Salgın koşullarında, ekranlarda “Alkışlayın” tavsiyesiyle hatırlatılan sağlık emekçilerinin gerçek hayatta hastanelerde ayrımcılığa maruz kaldığı zaman müdürün kapısına dayanan sendikacılık pratiğinden “İşten çıkarmalar yasaklandı” yaygarasına rağmen işten çıkarılan sağlık emekçisini işe iade ettiren sendikal iradeye, kökü derinde kuvvetli olan bir tohum yeniden filizleniyor.

Salgının ne kadar kalıcı ne kadar geçici olduğu muamma ama etkilerinin kalıcılığı şüphe götürmez. Üstelik üretim ve tüketimdeki ciddi bir daralmayla derinleşecek kriz koşullarında yaygınlaşacak kitlesel işsizlik, güvencesiz ve adeta bu süreçte iyi bir şeymiş gibi sunulan esnek çalışma koşulları bizi bekliyor. Çok ciddi bir yıkıcı dinamik, kriz ve salgın koşullarının içerisinden doğuyor.
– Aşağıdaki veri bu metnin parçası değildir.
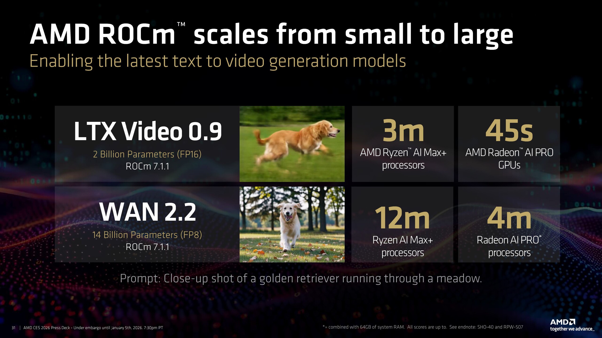 ROCm 7.1 ha anche dimostrato prestazioni impressionanti nei modelli di generazione da testo a video come LTX Video 0.9 e Wan 2.2, completando il requisito del prompt in soli 3 minuti su Ryzen AI Max+ Ryzen AI Max+ E in 45 secondi sulle GPU Radeon AI Pro.
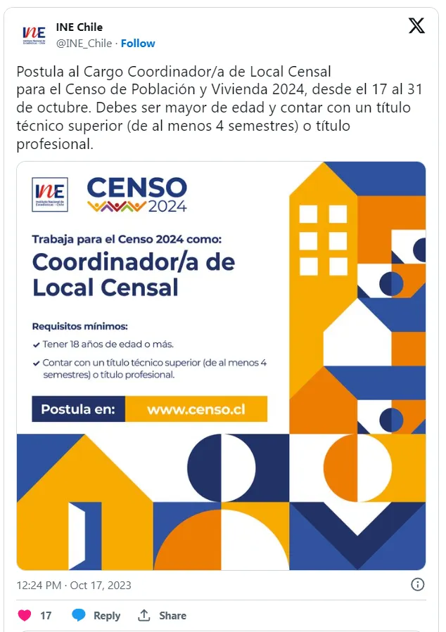 El próximo año se llevará a cabo el Censo 2024, encuesta que no se realizaba en Chile desde el año 2017. En este contexto, el Instituto Nacional de Estadísticas (INE) hizo un llamado a las personas para que postulen al cargo de Coordinador de Local de Censo, el cual consta de 586 cupos en total, distribuidos en las 16 regiones del país.
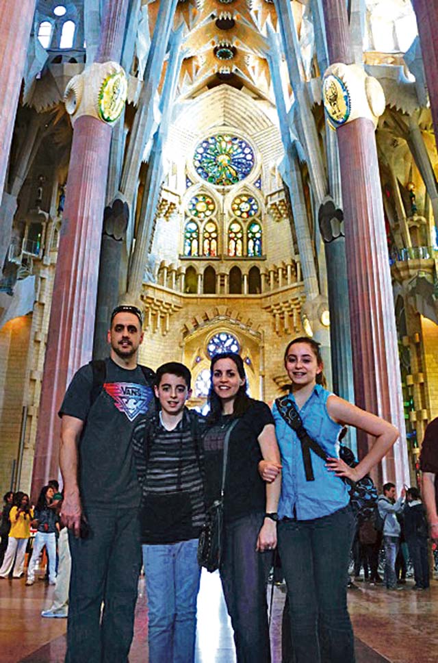 - Photo by Kristin Grant Chad, Jordan, Kristin and Jaycie Grant pose for a photo in the Sagrada Familia April 9 while vacationing in Barcelona, Spain. The Sagrada Familia was designed by Catalan architect Antoni Gaudi. Building started in 1852 and is still not complete.

Tam da bu noktada mahalleleri dayanışma ağlarıyla kuşatan ve bu örgütlülüğü sağlık emekçileriyle buluşturan devrimci çabanın, stratejik aklını sınıfın örgütlenmesi, sınıfın yıkıcı dinamiğinin kurucu bir süreç içerisinde düzen karşıtı bir hareket olarak örgütlenme olanaklarına vermesi gerekiyor.

***

Genel olarak bu iddia pek de itiraz edilecek noktalar taşımıyor gibi görünebilir. Evet, güçlü bir sınıf hareketi olsa fena olmaz. Üstelik bu salgın koşullarında, iktidara birtakım talepleri de kabul ettirebilirdi, biraz güçlü olsa…

Ancak toplam sürecin ikincil bir parçası olarak değil var olan neoliberal çöküntünün karşısında devrimci bir alternatifin oluşması için asli olarak sınıfa ihtiyaç var… Yani kendisini sınıfın kurtarıcısı sayanların, esas olarak sınıfa ihtiyacı vardır.
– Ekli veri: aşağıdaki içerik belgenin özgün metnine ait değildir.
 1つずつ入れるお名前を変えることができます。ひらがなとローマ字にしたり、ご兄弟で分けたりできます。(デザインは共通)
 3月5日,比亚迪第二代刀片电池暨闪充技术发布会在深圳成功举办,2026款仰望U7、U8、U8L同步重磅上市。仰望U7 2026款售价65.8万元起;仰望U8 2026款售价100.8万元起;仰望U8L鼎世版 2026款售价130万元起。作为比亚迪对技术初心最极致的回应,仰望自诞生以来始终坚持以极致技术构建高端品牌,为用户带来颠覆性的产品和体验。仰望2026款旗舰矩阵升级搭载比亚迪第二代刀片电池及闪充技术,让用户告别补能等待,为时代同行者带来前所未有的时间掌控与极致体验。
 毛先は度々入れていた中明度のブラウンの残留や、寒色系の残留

Kamusal hizmetlerin metalaştırılması bugün salgının yayılmasının önünü açıyor. Dolayısıyla sınıfın eylemiyle inşa edilecek bir kamusal haklar mücadelesine ihtiyacımız var.

Çünkü, tüm bir toplumu sağlık piyasasının müşterisi olarak gören sağlık sistemimiz önleyici tedbirleri kapsamıyor.

Çünkü, adeta bir sürü bağışıklığı denemesiyle üretken nüfusun dışında kalan yoksulları ve sermayenin ihtiyacı olan canlı emeği yani işçileri salgının en tehlikeli sonuçlarıyla yüz yüze bırakan bir sermaye iktidarıyla karşı karşıyayız.

Çünkü, ekonomik kriz koşullarında salgın, kapitalizm için krizden çıkış fırsatı olarak değerlendiriliyor, üstelik işsiz yığınların oluşması, yoksulluğun derinleşmesi pahasına.

İşte bu girdaptan çıkış için sınıfın eyleminden başka bir yol, kapitalizmin yıkılmasından başka bir alternatif bulunmuyor.

Düzen kendi yaralarına sarma telaşı içerisinde. İçi boşalmış, sınıfta karşılığını yitirmiş geleneksel kurumların havada uçuşan laflarına ihtiyacımız yok. Gelenekselin çöktüğü koşullarda, gökten zembille inecek bir yeni yöntemler de ihtimal dahilinde değil. Tek ihtimal aklıyla, fikriyle ve eylemiyle kendisini tam da bu “Sağlıksız” koşullarda en alttakilere, öfkesi en bilenmişlere, hayalleri çaresizlikle büyük umutlar arasında salınanlara adamaktır.